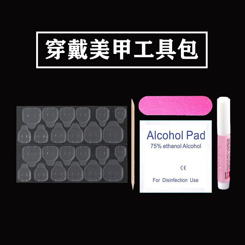 Alcohol cotton pads, orange wood sticks, small rub strips of glue for wearing nails
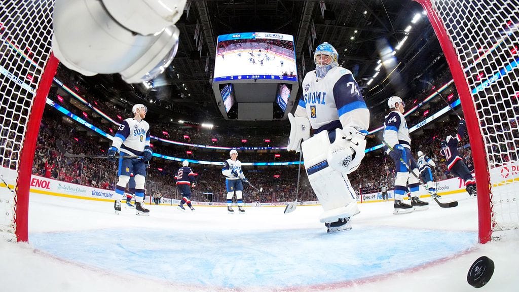 Leijonien maalivahti Juuse Saros epäonnistui USA-ottelun kolmannen erän alkuhetkillä NHL:n 4 Nations Face-off -turnauksessa.
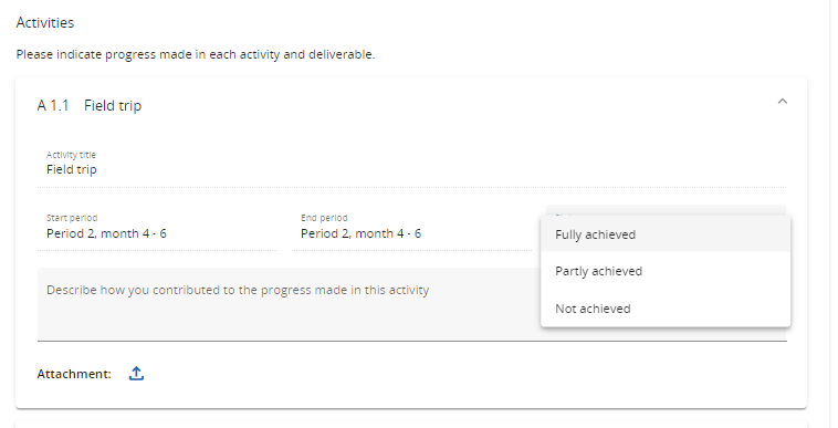 For each Investment, Activity, Deliverable and Output there is a separate section with text fields to describe the progress in the reporting period. Similar as for objectives, for each activity there is a field to define the Status.
########
Quote all the lines above exactly as given. Do not include the pictures.

# Answer
 Alcohol cotton pads, orange wood sticks, small rub strips of glue for wearing nails
 Leijonien maalivahti Juuse Saros epäonnistui USA-ottelun kolmannen erän alkuhetkillä NHL:n 4 Nations Face-off -turnauksessa.
 For each Investment, Activity, Deliverable and Output there is a separate section with text fields to describe the progress in the reporting period. Similar as for objectives, for each activity there is a field to define the Status.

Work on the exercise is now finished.